Dear Feleipe,
I’ve created a reputation for not mincing words, sometimes eschewing tactfulness and instead stating things exactly how I feel them to be. This is partly why I have been so harsh toward you with my public comments. (I will, however, add that while I’ve been very vocal about your play, I never actually booed you, because that doesn’t help.)
And so in order for the main theme of this letter to have true meaning, I feel it necessary to briefly rehash all my criticism. Trust me. It will make the ending of this letter that much nicer.
First, though, an olive branch. Playing quarterback for the Florida Gators is among the most heavily scrutinized tasks in sports. It lies somewhere in between playing shortstop for the Yankees and being the center on whatever team LeBron James is playing for. I am well aware of how difficult the pressure is to handle. You go through practice like everybody else, batter and bruise your body, grow mentally exhausted from in depth film sessions and the works, but then there’s the added pressure to perform that other positions don’t quite experience. When guys like Danny Wuerffel, Rex Grossman, Chris Leak and Tim Tebow set the standard so high, it’s nearly impossible to make everybody happy with your play. I get that. I do. It’s a job that only a select few are truly capable of handling, let alone mastering.

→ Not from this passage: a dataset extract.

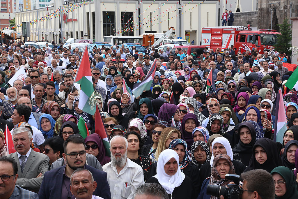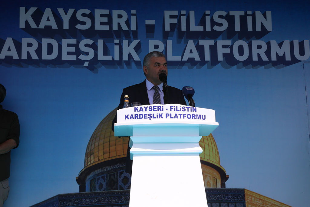 Büyükşehir Belediye Başkanı Mustafa Çelik, Kayseri-Filistin Kardeşlik Platformu tarafından Cumhuriyet Meydanı’nda gerçekleştirilen mitingde İsrail ve Amerika’nın yaptıklarını lanetledi. Başkan Çelik, zalimin karşısında asla sessiz kalmayacaklarını söyledi. Büyükşehir Belediye Başkanı Mustafa Çelik, Cumhuriyet Meydanı’nda Filistin için bir araya gelen Kayserililere hitap etti. Filistin’in sahipsiz olmadığını ifade eden Başkan Çelik, “Müslümanların ve tüm insanlığın kanaat, şükür, paylaşma gibi güzel hasletleri yücelten; rahmet, mağfiret ve kurtuluşa ermemize vesile olacak olan Ramazan ayını karşılamaya hazırlandığı şu günlerde ne yazık ki, İslam alemi yine büyük bir acı yaşıyor. Hiçbir kutsalı olmayanlar, bizden sonrası tufan anlayışıyla Allah’ın verdiği canı devlet terörü ile alanlar yine sahnedeler. Bu alçaklığa izin vermeyeceğiz. Kudüs sahipsiz değildir. Gazze Sahipsiz değildir. Filistin sahipsiz değildir. Müslümanlar da sessiz değildir” dedi. Kutsal değerlerine yapılan saldırılara karşı her zaman ve her şartta bir ve beraber olan Kayseri’nin bir kez daha zalimin karşısında sessiz kalınmayacağını gösterdiğini vurgulayan Başkan Çelik, sözlerini şöyle sürdürdü: “Var olduğumuz sürece Kudüs’ün düşmemesi için, mazlumun yanında yer almak insanlık görevimiz olduğu için susmayacağız. Haksızlıklar karşısında susan dilsiz şeytan olmayacağız. İnsanlıktan nasibini almamış kişilere karşı hep birlikte gür bir sesle haykırmaya devam edeceğiz. Müslümanlar üzerine oynanan oyunu bozmak, Ortadoğu’yu kan gölüne çevirmek isteyenlere karşı çıkmak ve bize emanet olan Kudüs üzerindeki kara bulutları dağıtmak insanlık görevimizdir. İsrail’in barışçıl gösteri yapan Filistinlilere karşı sergilediği terör tek kelimeyle alçaklıktır. Bu devlet terörünü Kayseri Cumhuriyet Meydanı’nda hemşehrilerimile birlikte lanetliyorum. Sözüm ona arabuluculuğa soyunan;; ama Ortadoğu’yu kan gölüne çevirmek için nifak tohumları eken Amerika’yı kınıyorum. Ramazan ayının yüzü suyu hürmetine Filistinli kardeşlerimizin tez zamanda alçakların elinden, hain planlardan kurtulmalarını diliyorum. Filistin’de katliam yapanları, bu katliama sebep olanları ve sessiz kalanları Rabbime havale ediyorum. Allah güçlünün değil haklının yanındadır.” Büyükşehir Belediye Başkanı Çelik, Kayserililerin her zaman Hakk’ın ve haklının yanında olmaya devam edeceğini sözlerine ekledi. Cumhuriyet Meydanı’nda daha sonra İl Müftüsü Şahin Güven tarafından bu zulmün sona ermesi için dua ettirildi ve meydanda Filistin’de şehit olanlar için gıyabi cenaze namazı kılındı.

However, while it makes this more understandable, it doesn’t change the fact that you’ve struggled. You’ve missed reads. You’ve one hopped open receivers on the easiest of throws. You’ve made bad decisions. You’ve only recently- and at long last- appeared to understand that every ball doesn’t need to to be fired two billion miles per hour. You have, quite simply, been the source of quite a lot of inanimate objects being flung across living rooms in the houses of Gator fans. And what makes it all worse is that while you have improved, you’re making a lot of the same errors you made a year ago- a year that, by the way, came after you redshirted in 2016 because you weren’t ready to handle the position.
The week before last, against Missouri, seemed to be the breaking point for a lot of fans. And when you got pulled in favor of Kyle Trask, it appeared as though your days as the starter in Gainesville were numbered.
Then Trask broke his foot. And you were the guy.
Many of us, myself included, were terrified. I was honestly convinced that Florida was destined to finish the year 7-5 after that happened, and was even more convinced when the Gators went down 14-0 against the Gamecocks.
But then.
But then you reached deep inside, put in a great week of mental and physical preparation (I wasn’t in those practices, but, well, you must have) and you rallied the Gators back. You could have easily folded. You could have shut it down. Or you could have let frustration get the best of you and cloud your performance. But you didn’t.
Were you Tom Brady? No. But you know what you were? You were the quarterback the Gators needed to win the game, an eye popping 180 from the Missouri game and a real testament of who you are. You were lowering your shoulder and powering through defenders on running plays even though that’s clearly not what you were recruited to do. You were leading the way as a blocker on several plays, clearing out defenders and earning the adoration of your teammates. You made most (not all, but enough) of the throws you had to make. And you were the emotional leader- much as we as the fans may or may not have liked it. That took some guts and internal will.
Maybe it’s being the son of a courageous man who served our country. Maybe it’s being coached up by an actual coach for the first time in your life. Maybe it’s something none of us will ever know about. But whatever the source of your effort was against South Carolina, I’m impressed. To bounce back from THAT performance against Missouri and be the guy you were against Cocky- yeah, I’m truly impressed. Everyone who is able to look at things objectively and not let emotion totally cloud his or her judgment is.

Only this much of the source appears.